Se o usufruto foi constituído por pessoa que não tinha a propriedade do bem, ou que a tinha porém já havia gravado o bem, de modo a não mais poder constituir usufruto, a constituição desse direito real é ineficaz. 

O usufrutuário não tem direito de dispor(alienar ou gravar). Quando o dono do bem constitui o usufruto não dispõe do gozo e do fruto. Todavia, pode o usufrutuário dispor do que foi inventariado como pertença sujeita a desgaste(instrumentos agrícolas deterioráveis, máquinas de utilização) e então ocorre ato de disposição da coisa alheia, em nome próprio, sem que se possa pensar em representação do dono pelo usufrutuário, mas, se aliena o que não se gasta com o uso, ou não podia alienar, segundo o ato constitutivo registrado, aliena coisa alheia, sem poder de disposição e o ato de disposição é ineficaz.

O usufrutuário tem direito à posse. Isso porque a posse é essencial ao exercício do gozo e fruição. O objeto dessa posse é a coisa e não o direito. Já os modos de aquisição da posse pelo usufrutuário são todos os que admite o sistema jurídico brasileiro. Mas ele terá que inventariar a sua custa, antes de assumir o usufruto, os bens, que recebeu, e dar caução, se lhe exige o dono. Essa posse tem a extensão tem o direito de usufruto, como disse Pontes de Miranda(Tratado de direito privado, volume XIX, ed.
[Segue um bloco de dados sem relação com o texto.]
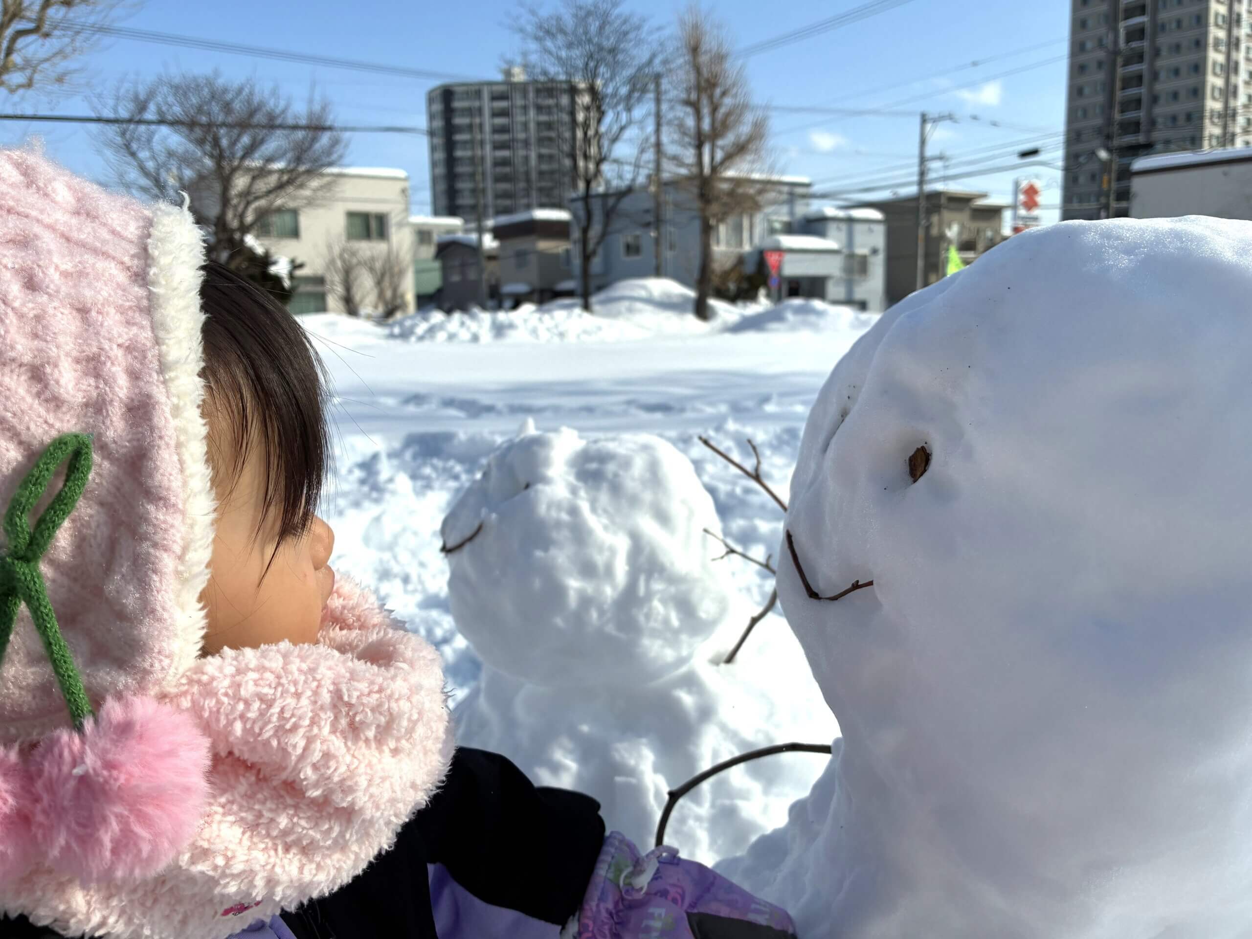 こんな優しい顔の雪だるまにも会いました。
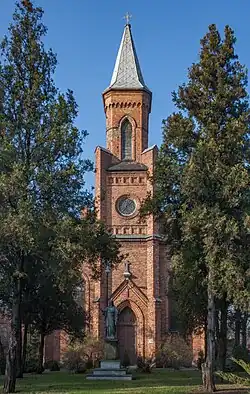 In den Jahren 1877–1881[8][9] (nach anderen Quellen in den Jahren 1882–1884)[10][11] wurde eine neue Kirche aus Backstein gebaut, die von Franciszek Tournelle im neugotischen Stil entworfen wurde. Der Bau wurde 1884 endgültig abgeschlossen.[6][3] 1881 wurde die ehemalige St.-Adalbert-Kirche abgerissen.[12]

Bookseller, pág. 117).

O usufrutuário pode aumentar a usabilidade e o rendimento da coisa usufruída, desde que não lhe mude a destinação econômica, estética ou histórica.

A destinação do bem usufruído impõe-se às acessões. Mas, como lembrou Pontes de Miranda(obra citada, pág. 122), dentro das raias da destinação, sempre que a acessão não faça corpo comum com o prédio, em seu destino(o terrreno acrescido ficou por fora da muralha que cerca o estabelecimento industrial, de modo que não se pode aproveitar para a plantação feita pelo usufrutuário), a destinação não alcança o incremento.

Disse ainda Pontes de Miranda, que "quanto aos direitos acessórios, não há pensar-se em que a destinação deles possa ser estranha à destinação do bem usufruído, porque a existência deles, antes da constituição do usufruto, demonstra a mesmeidade de utilização.

Já as pertenças, se anteriores à constituição do usufruto, presume-se, seguem a destinação do bem usufruído. Se, posteriores, ou o usufrutuário as tem para o tempo em que usufruía o bem, ou , se da propriedade do dono do bem sob usufruto, ou de terceiro, tem-se de indagar se aquele imprimiu a destinação às pertenças, de modo que se dilatou o objeto do usufruto, ou se o terceiro as entregou para a duração do usufruto.

Enquanto não percebe os frutos o usufrutuário tem direito a eles. Isso porque o poder de usar e fruir está com o usufrutuário, embora o domínio pertença a outrem(nu proprietário).

Indaga-se sobre a penhora de frutos pelo credor do usufrutuário.

Se alguém penhora os frutos pendentes durante o usufruto, tudo se passa sem dificuldades, mas, ocorrendo inesperada cessação do usufruto e não tendo sido colhidos os frutos, a penhora torna-se ineficaz. Ensinou Pontes de Miranda(obra citada, pág. 129) que a penhora dos frutos pendentes e consequente execução forçada é penhora do direito aos frutos, e não dos frutos, coisa móvel que ainda não existe. A penhora de frutos pendentes é penhora de direito expectativo.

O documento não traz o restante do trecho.